This repo trains and analyzes neural nets for predicting how a tokamak (fusion reactor) plasma will evolve in time given an initial condition and user-specified actuator trajectories. It is a (pytorch-based) cleanup of the (tensorflow-based) plasma-profile-predictor, which was described in our 2021 Nuclear Fusion paper.
Generate an h5 file with data-fetching repo
-------- TO TRAIN A MODEL --------- In configs/default.cfg point raw_data_filename to the generated h5 file. Then change preprocessed_data_filename_base to a "base" name for writing processed data. Run preprocess_data.py, which will generate the basename with _train.pkl, _val.pkl, and _test.pkl appended. Change output_dir in the config file to where you want to dump a model, then run python ian_train.py to train a model to go there. To train a full ensemble of models (submitting them to slurm on traverse) do python launch_ensemble.py which will train 10 with 0,...,9 appended to the end. Use modelStats.py {config_filename} to plot training losses.
-------- TO CREATE AND VISUALIZE MODEL OUTPUTS --------- Run SimpleModelRollout.py {config_filename} (where config_filename is the full path to the config file corresponding to the model) to create a pickle file with the predicted profiles. Set plot_ensemble to True or False depending on whether you're doing ensemble modeling or one model at a time. To visualize the predictions, use prediction_plotter.ipynb
-------- TO HELP TEST --------- Set train_shots, val_shots, and test_shots to a small number of shots each
-------- TO TUNE MODELS ------- Training takes a long time with curriculum learning. If you have a good model with the right inputs and want to tune it on simulation or other-machine data, or overfit it to data (e.g. for developing control for a specific scenario), copy the config file from the model you like, then
- set tune_model to true
- set the model_to_tune_filename_base to the output_filename_base (i.e. you're tuning the good model)

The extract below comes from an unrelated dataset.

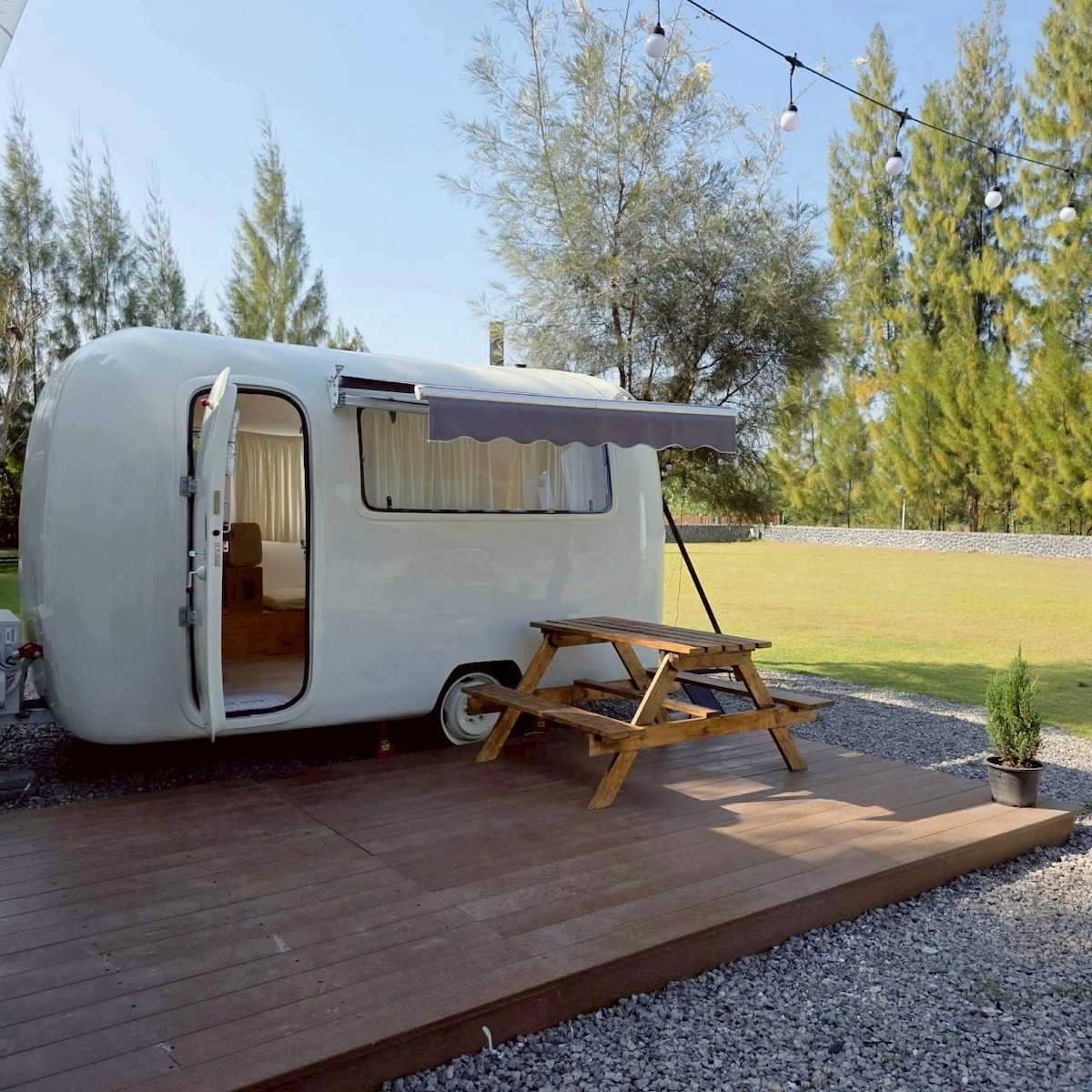 Experience the perfect blend of nomadic freedom and modern luxury. This curated outdoor space is designed for those who seek tranquility without compromising on comfort. • The Stay: A sleek, fully-equipped white caravan paired with a minimalist private annex, offering a clean aesthetic and expanded living space. • Outdoor Living: • Private Deck: A dedicated wooden platform for morning coffee

- set the output_filename_base to your new model name If you only want to tune certain layers add the layer names as a list. In torch layer names correspond to named class variables (self.rnn --> rnn, self.encoder --> encoder, self.decoder --> decoder) and can be found with for name, child in model.named_children(): print(name)
- for most cases set autoregression_start_epoch and autoregression_end_epoch to 0 since you don't want to go back to the beginning of the curriculum learning, you want to start from what you already have
- for some cases (e.g. for training on simulations where you only confidently can predict out to rho=0.8 and you only predict a subset of the profiles like TE and TI) add a list of the profiles you don't want to consider to masked_outputs and set tuning-->rho_bdry_index to the index of the boundary (e.g. rho=0.8 for nx=33 would be 0.8*33 ~ 26). This will mask those outputs during training.

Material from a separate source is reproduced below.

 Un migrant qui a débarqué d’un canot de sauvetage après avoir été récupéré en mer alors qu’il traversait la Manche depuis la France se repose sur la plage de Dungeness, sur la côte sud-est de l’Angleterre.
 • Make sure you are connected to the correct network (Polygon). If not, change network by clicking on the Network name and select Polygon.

-------- LRAN TRAINING AND CONTROL --------- To train a model with latent linear dynamics (LRAN) to be used to control applications, change the model.cfg model_type from IanRNN to HiroLRAN and repeat training steps above. To launch a control simulation, where the controller makes MPC actuator decisions using HiroLRAN and the profile evolution is simulated using IanRNN, use control_simulation.py. To visualize these results use control_plotter.ipynb.

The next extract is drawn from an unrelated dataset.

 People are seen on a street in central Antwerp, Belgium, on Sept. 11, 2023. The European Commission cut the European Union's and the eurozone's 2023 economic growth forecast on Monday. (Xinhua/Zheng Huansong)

-------- ENVIRONMENT SETUP --------- For pytorch environment setup on PPPL/Princeton's Traverse cluster along with a ton of other helpful info and examples, see researchcomputing.princeton.edu. h5py is also required for reading the h5 dataset. As of February 2023, I personally use module load anaconda3/2022.5 conda create --name torch --channel "https://opence.mit.edu/#/" "pytorch==1.12*=cuda11*" torchvision conda install -c anaconda h5py conda activate torch
And of course reload anaconda and activate this environment every time you go to run the code.